[Exercise instructions]: Although the records contain pictures, none belong in the copy: restate word for word only the lines from the one with "- Бизнес-операция (Что" through the one with "这件事提及来挺有料想,好意思", both included.

[Dataset extract]:
Segment Open

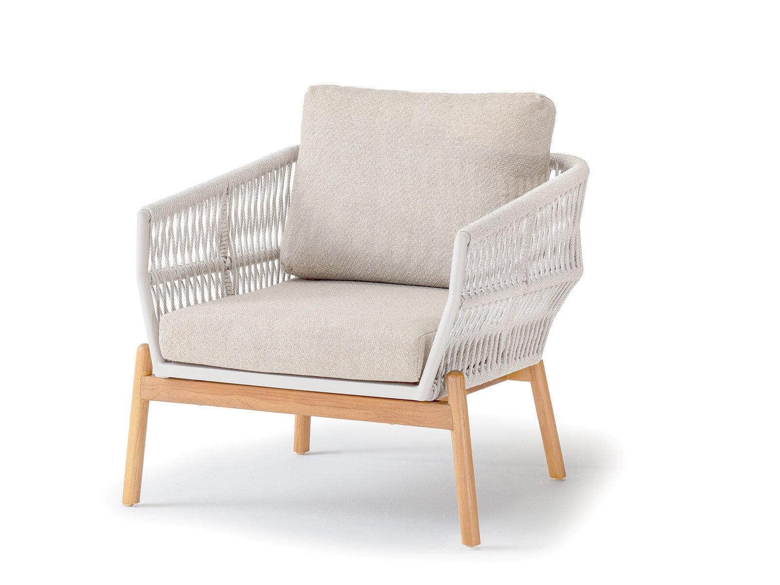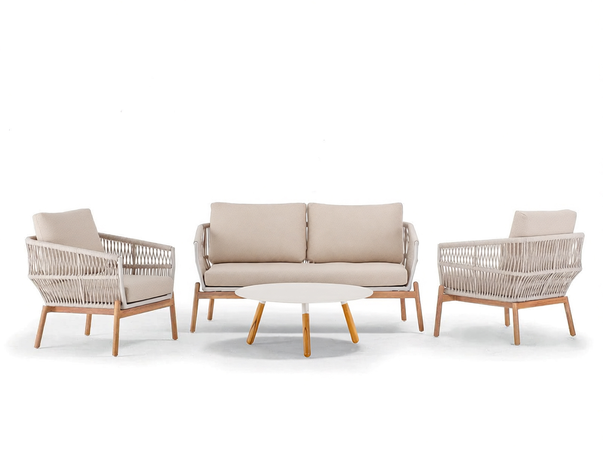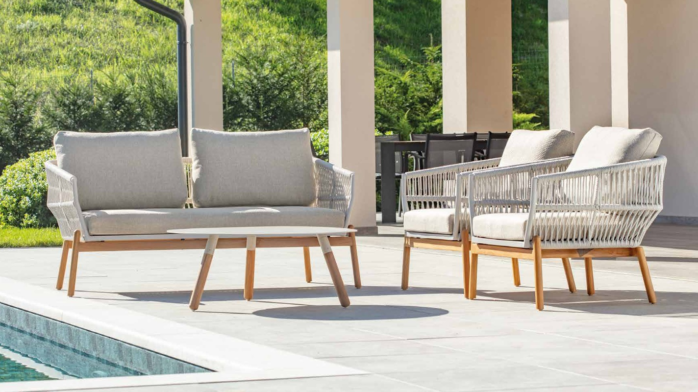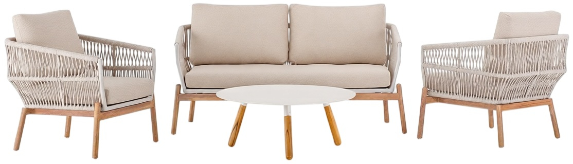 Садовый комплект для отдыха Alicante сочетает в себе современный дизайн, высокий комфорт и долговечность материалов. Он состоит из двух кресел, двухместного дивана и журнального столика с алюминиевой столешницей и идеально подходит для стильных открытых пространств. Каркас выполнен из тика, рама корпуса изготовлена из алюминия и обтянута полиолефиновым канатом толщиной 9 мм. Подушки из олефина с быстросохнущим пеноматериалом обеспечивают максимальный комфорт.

Segment Closed
Segment Open

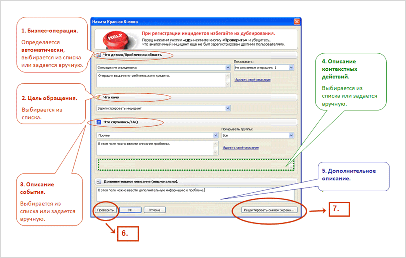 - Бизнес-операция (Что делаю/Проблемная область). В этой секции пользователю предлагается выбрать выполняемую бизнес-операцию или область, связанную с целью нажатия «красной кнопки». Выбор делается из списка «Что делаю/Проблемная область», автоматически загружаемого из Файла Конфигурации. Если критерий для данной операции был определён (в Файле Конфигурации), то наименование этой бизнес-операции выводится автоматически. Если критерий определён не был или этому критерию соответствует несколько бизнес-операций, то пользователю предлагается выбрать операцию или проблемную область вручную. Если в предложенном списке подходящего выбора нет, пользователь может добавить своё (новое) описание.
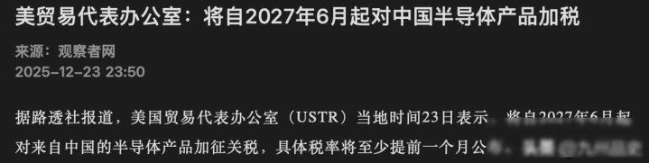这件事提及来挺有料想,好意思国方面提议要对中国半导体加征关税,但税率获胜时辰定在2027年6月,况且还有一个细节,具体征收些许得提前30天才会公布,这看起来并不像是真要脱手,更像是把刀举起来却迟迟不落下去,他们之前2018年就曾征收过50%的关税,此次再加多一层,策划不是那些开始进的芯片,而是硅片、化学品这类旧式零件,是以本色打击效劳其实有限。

Segment Closed

[Finished task]:
 - Бизнес-операция (Что делаю/Проблемная область). В этой секции пользователю предлагается выбрать выполняемую бизнес-операцию или область, связанную с целью нажатия «красной кнопки». Выбор делается из списка «Что делаю/Проблемная область», автоматически загружаемого из Файла Конфигурации. Если критерий для данной операции был определён (в Файле Конфигурации), то наименование этой бизнес-операции выводится автоматически. Если критерий определён не был или этому критерию соответствует несколько бизнес-операций, то пользователю предлагается выбрать операцию или проблемную область вручную. Если в предложенном списке подходящего выбора нет, пользователь может добавить своё (новое) описание.
这件事提及来挺有料想,好意思国方面提议要对中国半导体加征关税,但税率获胜时辰定在2027年6月,况且还有一个细节,具体征收些许得提前30天才会公布,这看起来并不像是真要脱手,更像是把刀举起来却迟迟不落下去,他们之前2018年就曾征收过50%的关税,此次再加多一层,策划不是那些开始进的芯片,而是硅片、化学品这类旧式零件,是以本色打击效劳其实有限。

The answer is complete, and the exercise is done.